SAT Reading Practice Questions - Question List

In May of 2013, the U. S. Storm Prediction Center sent out a tornado warning sixteen minutes before a devastating twister touched down in Newcastle, OK, killing twenty-four people and destroying dozens of homes and buildings. Despite the destruction and loss of life, the Newcastle tornado represented a milestone in tornado prediction, as the usual warning time is between ten and thirteen minutes. In Oklahoma that day, residents had the benefit of an additional three to six minutes of lead time as they scrambled to find shelter. Compared to tornado prediction in the 1980s, when the storms could be predicted just five minutes before touching down, the sixteen minute warning was truly remarkable. Scientists believe that even longer warnings are possible, but the prediction of these types of storms remains very challenging.
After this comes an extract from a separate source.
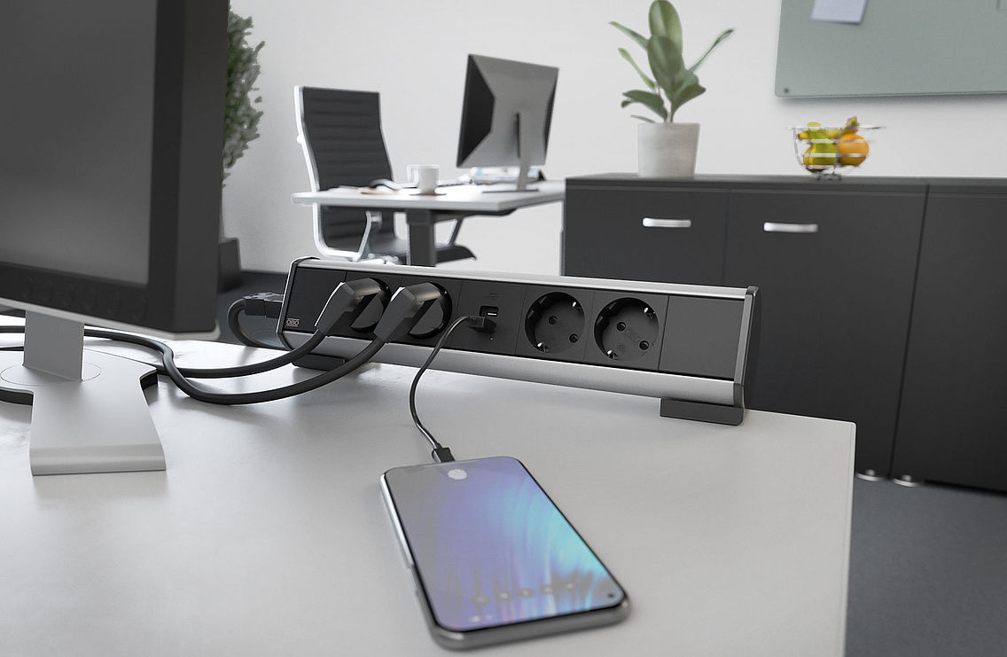 OBO presents the new Deskbox DBL: It offers direct access to power, data and multimedia connections at your workplace. It converts any desk into a complete office. The tabletop socket stands out through its discreet and elegant design and blends in unnoticed with the working environment.

In an era when meteorologists can forecast a hurricane a week in advance, it can be difficult to imagine that there remain weather events that cannot be accurately predicted with hours or days of advanced notice. Unfortunately, unlike hurricanes or blizzards, tornadoes are very short-lived weather events and their paths are much shorter. While a hurricane often begins as a storm cell off the African coast and is tracked for days, even weeks, using satellite imagery, as it moves thousands of miles east and makes landfall in North America, a tornado can appear suddenly as a result of an instant synthesis of multiple weather features.

Tornadoes form suddenly, and meteorologists admit that there seem to be some elements of chance involved. A tornado forms when moist, warm air combines with faster-moving, cooler air and creates with wind shear. Wind shear is a significant difference in wind speed and direction over a short distance. Wind shear can be horizontal or vertical and can result in a rotation of wind currents. This rotation, combined with the different air temperatures can, but does not always, result in a tornado.

The Midwest of the United States provides the perfect environment for these chance weather events. In an area known as Tornado Alley, which lies in the middle of the United States between the barriers of the Rocky Mountains and the Appalachian Mountains, artic winds moving out of Canada and tropical winds moving north from the Gulf of Mexico collide. As early as 1870, the United States government noted the frequent proliferation of storms in this area, and began to track conditions likely to produce tornados. The first warnings, or probability predictions, provided residents with general information about a tornado “season” when it was more likely a storm would form. They did not predict specific storms, or even specific days on which a storm might occur.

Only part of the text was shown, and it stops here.